Она производила неизгладимое впечатление на всех окружающих, хотя временами казалось, что свои качества и манеру поведения она приспособила к нам. Соответственно каждый человек стремился следовать примеру нашей добродетельной синьоры, чьи высшие качества я теперь не собираюсь обсуждать.
Такую задачу я не ставлю, ибо не смогу выразить их ни словами, ни пером, а кроме того, о них хорошо известно всему миру. Она с благоразумием и редкой силой духа перенесла множество страданий, сохранив нежную душу и удивительную красоту. Такие характеры редки даже среди мужчин.
5. Не стану вдаваться в подробности, скажу только, что обычно все благородные обитатели дома сразу же после ужина отправлялись в покои синьоры герцогини. Там они проводили время в приятных разговорах, музицировали и танцевали. Иногда предлагались различные забавные игры, например в вопросы или шарады.

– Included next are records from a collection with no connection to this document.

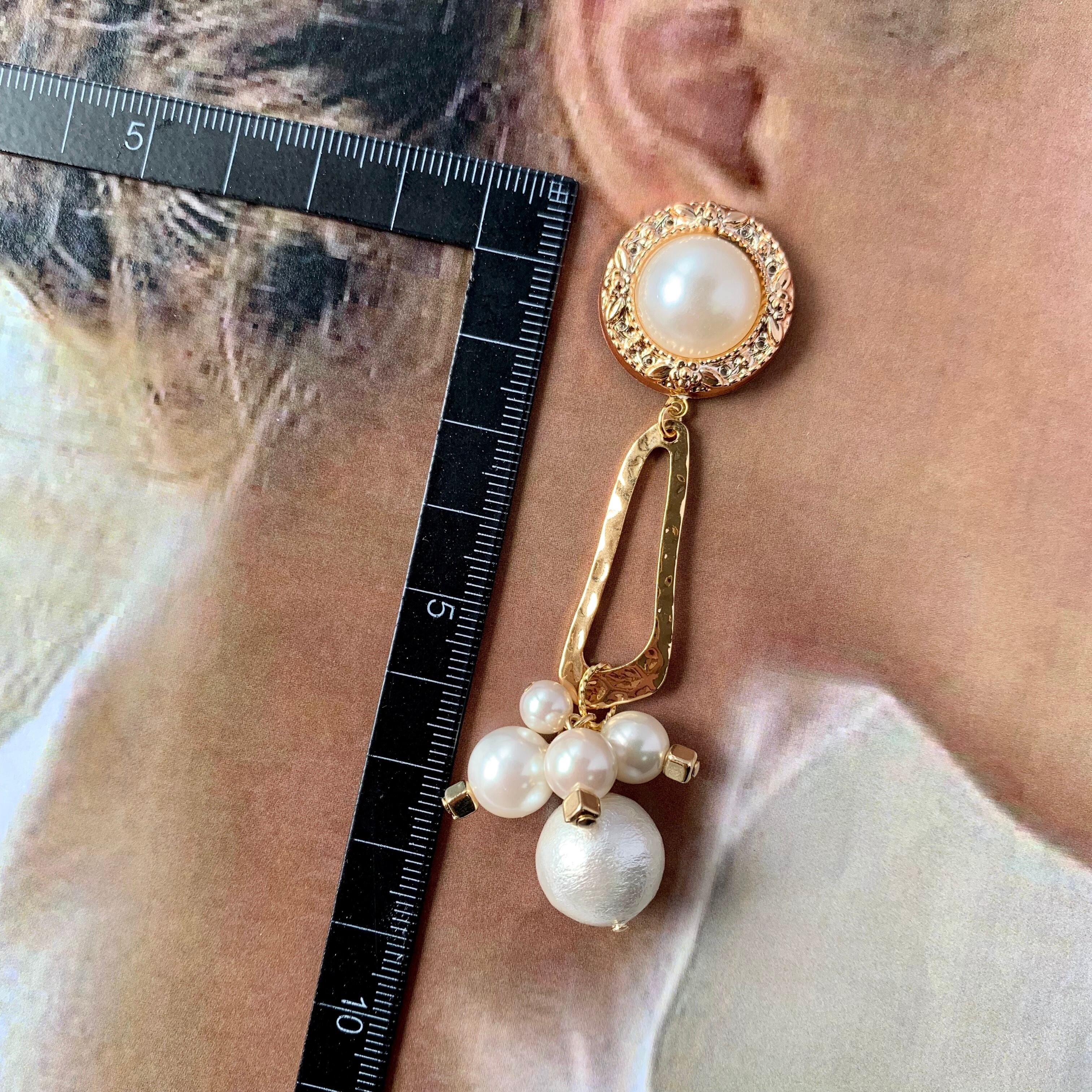 Eパールカボション×コットンパール入りじゃらじゃらピアス
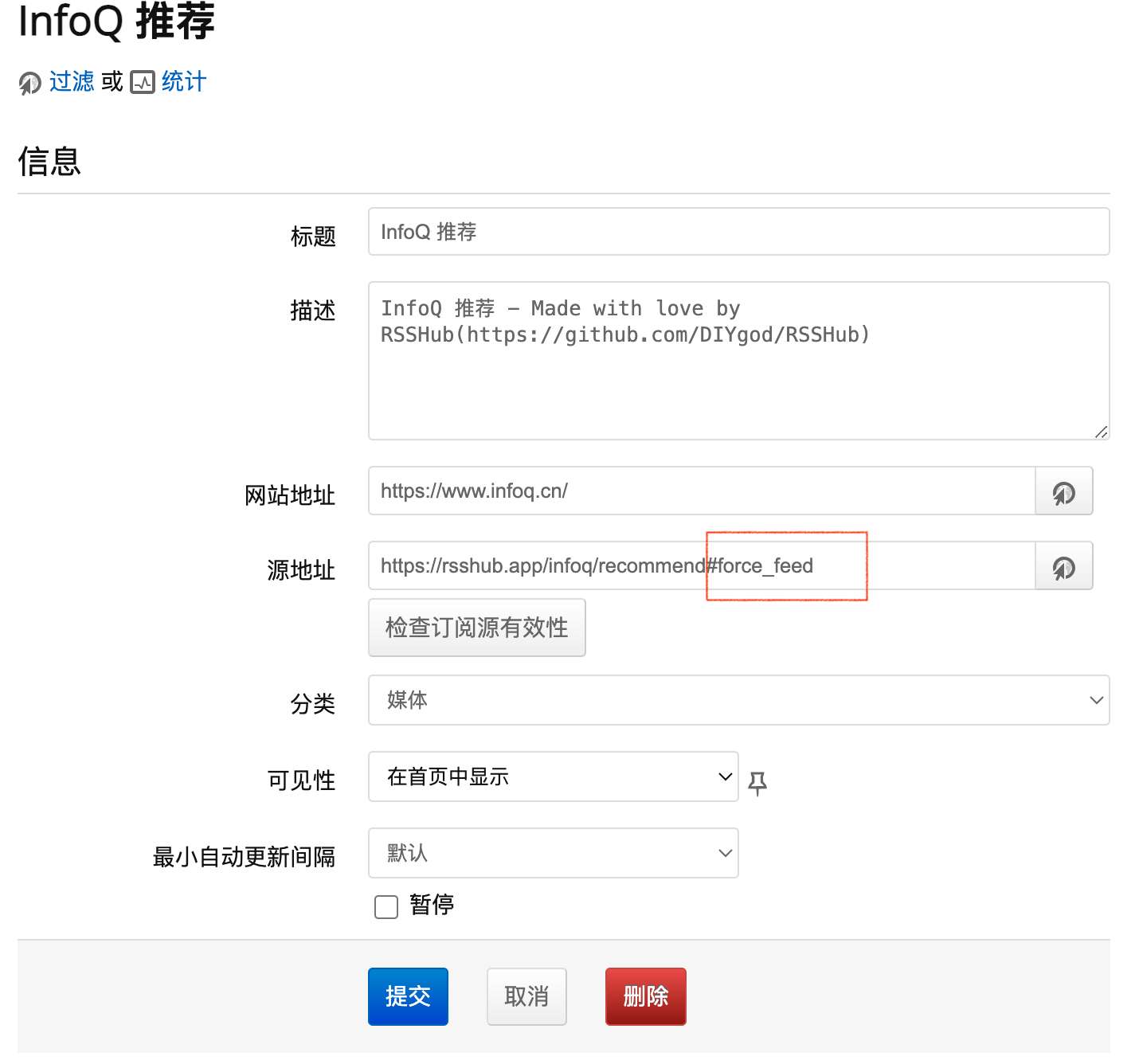 正常情况下订阅地址可以正常访问手动添加订阅时能正常添加,一些需要走代理的订阅需要添加#force_feed参数强制添加,然后再在下面代理配置里设置代理
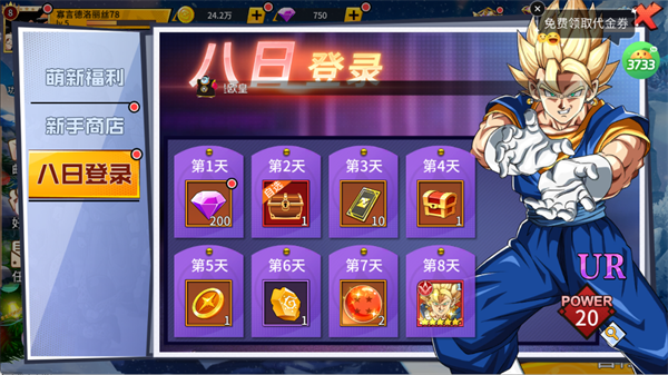 连续登录8天即可领取超值奖励,包含大量钻石、稀有宝箱以及UR·超级赛亚人贝吉特等强力角色,新手开局直接起飞。

Временами кто-нибудь предлагал и оригинальные игры, в которых иносказательно выражались чувства к тем, кто нравился больше других.
Иной раз возникали дискуссии по разным поводам или происходил обмен колкостями. Часто обсуждались «штучки», как мы их называли. Таким образом, мы приятно проводили время. В доме, как я уже успел заметить, находилось множество талантливых людей. Среди них (как вы уже знаете) самым известным был синьор Оттавиано Фрегозо, его брат мессир Федерико, великолепный Джулиано де Медичи, мессир Пьетро Бембо, мессир Чезаре Гонзага, граф Людовико да Каносса, синьор Гаспаро Паллавичино, синьор Людовико Пио, синьор Морелло де Ортона, Пьетро да Наполи, мессир Роберто да Бари и множество других благородных кавалеров.
Кроме того, там же находились многие другие, хотя и не проживавшие здесь постоянно, но проводившие в доме много времени. Отмечу мессира Бернардо Биббиену, Унико Аретино, Джанкристофоро Романо, Пьетро Монте, Терпандро, мессира Никколо Фризио, а также поэты, музыканты, шуты и просто приятные люди. Словом, лучшие из тех, кого можно было найти в Италии.
6. В 1506 году папа Юлий II с помощью французов привел Болонью под юрисдикцию апостольского престола. Возвращаясь в Рим, он проезжал через Урбино, где его принимали с необычайным уважением и такими отменными почестями, какие он мог бы ожидать в любом другом доблестном городе Италии. Так же почтительно приветствовали сопровождавших его кардиналов и других придворных. Восхитившись изысканным обществом, некоторые даже задержались в Урбино на много дней после отъезда папы и его двора. В это время мы продолжали свои обычные увеселения и развлечения. Каждый из нас старался привнести в них нечто новое, особенно в игры, которым посвящался каждый вечер.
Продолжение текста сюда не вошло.